Stored data entries:
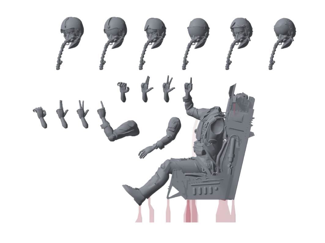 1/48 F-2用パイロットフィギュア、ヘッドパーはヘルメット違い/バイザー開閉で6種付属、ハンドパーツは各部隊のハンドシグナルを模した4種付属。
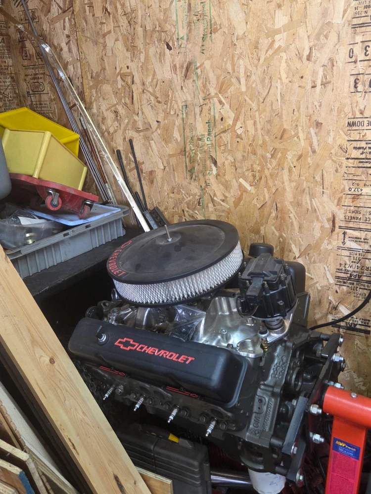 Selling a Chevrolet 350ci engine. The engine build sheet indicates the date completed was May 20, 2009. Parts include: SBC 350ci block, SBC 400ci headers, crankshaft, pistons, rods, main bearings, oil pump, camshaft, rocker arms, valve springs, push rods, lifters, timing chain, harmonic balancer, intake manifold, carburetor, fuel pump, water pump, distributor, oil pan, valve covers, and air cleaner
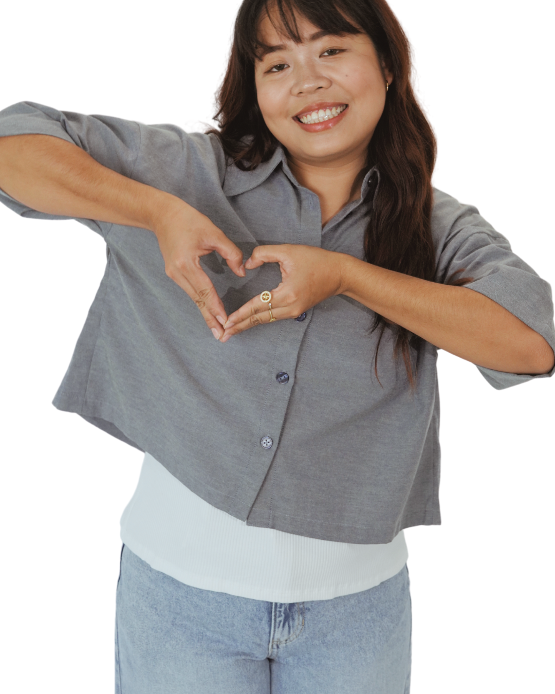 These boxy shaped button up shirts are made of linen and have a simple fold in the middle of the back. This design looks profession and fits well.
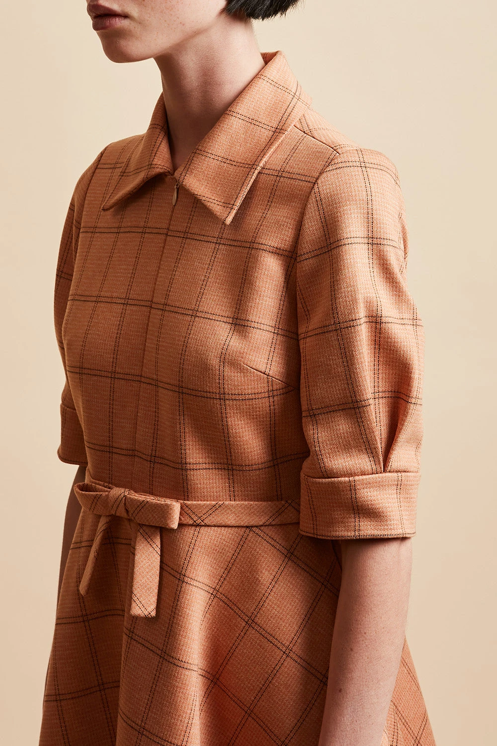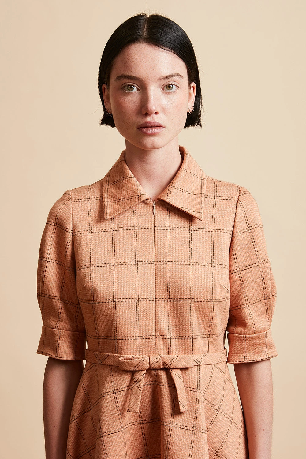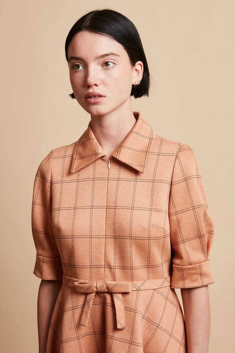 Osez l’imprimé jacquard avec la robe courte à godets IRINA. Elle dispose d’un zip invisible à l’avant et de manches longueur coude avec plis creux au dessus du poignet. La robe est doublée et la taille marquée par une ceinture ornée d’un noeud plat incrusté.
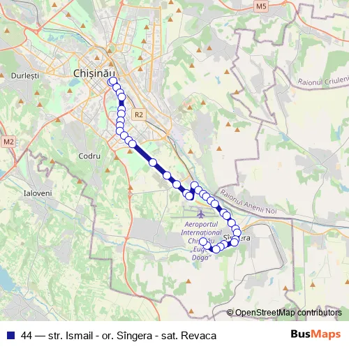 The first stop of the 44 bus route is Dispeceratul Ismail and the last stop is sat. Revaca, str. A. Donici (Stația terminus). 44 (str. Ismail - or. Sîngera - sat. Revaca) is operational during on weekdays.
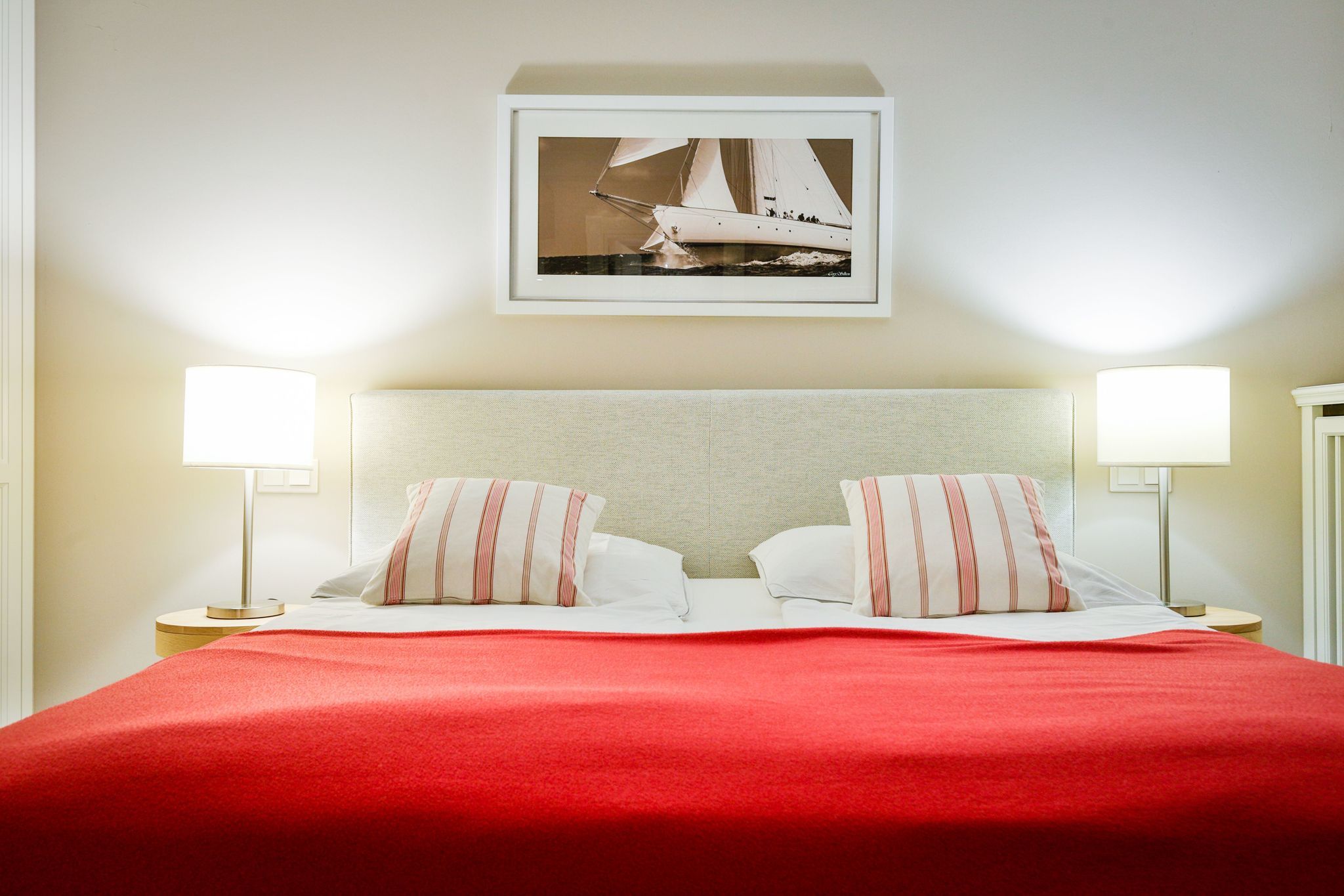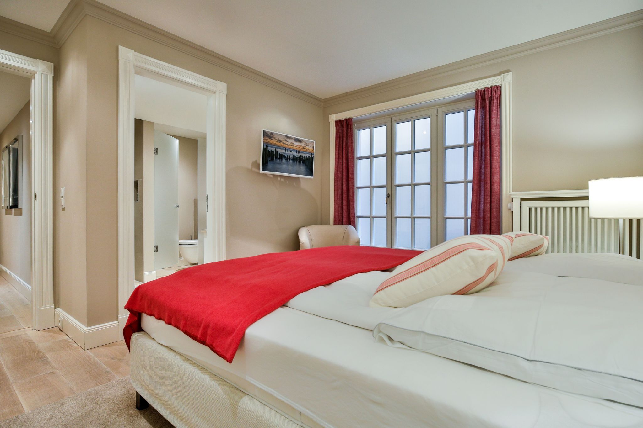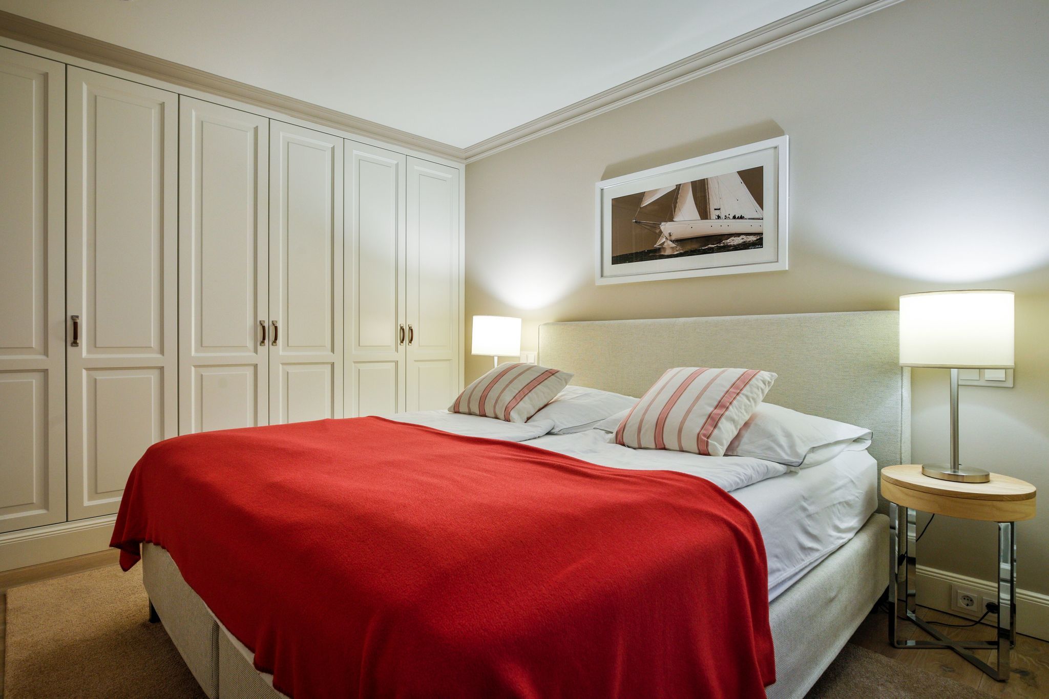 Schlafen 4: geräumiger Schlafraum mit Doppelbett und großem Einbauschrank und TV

YOUR OBJECTIVE:
Your answer must be exactly the lines from the one containing "The first stop" through the last line of the records above, both included, with every picture left out.

EXERCISE RESULT:
 The first stop of the 44 bus route is Dispeceratul Ismail and the last stop is sat. Revaca, str. A. Donici (Stația terminus). 44 (str. Ismail - or. Sîngera - sat. Revaca) is operational during on weekdays.
 Schlafen 4: geräumiger Schlafraum mit Doppelbett und großem Einbauschrank und TV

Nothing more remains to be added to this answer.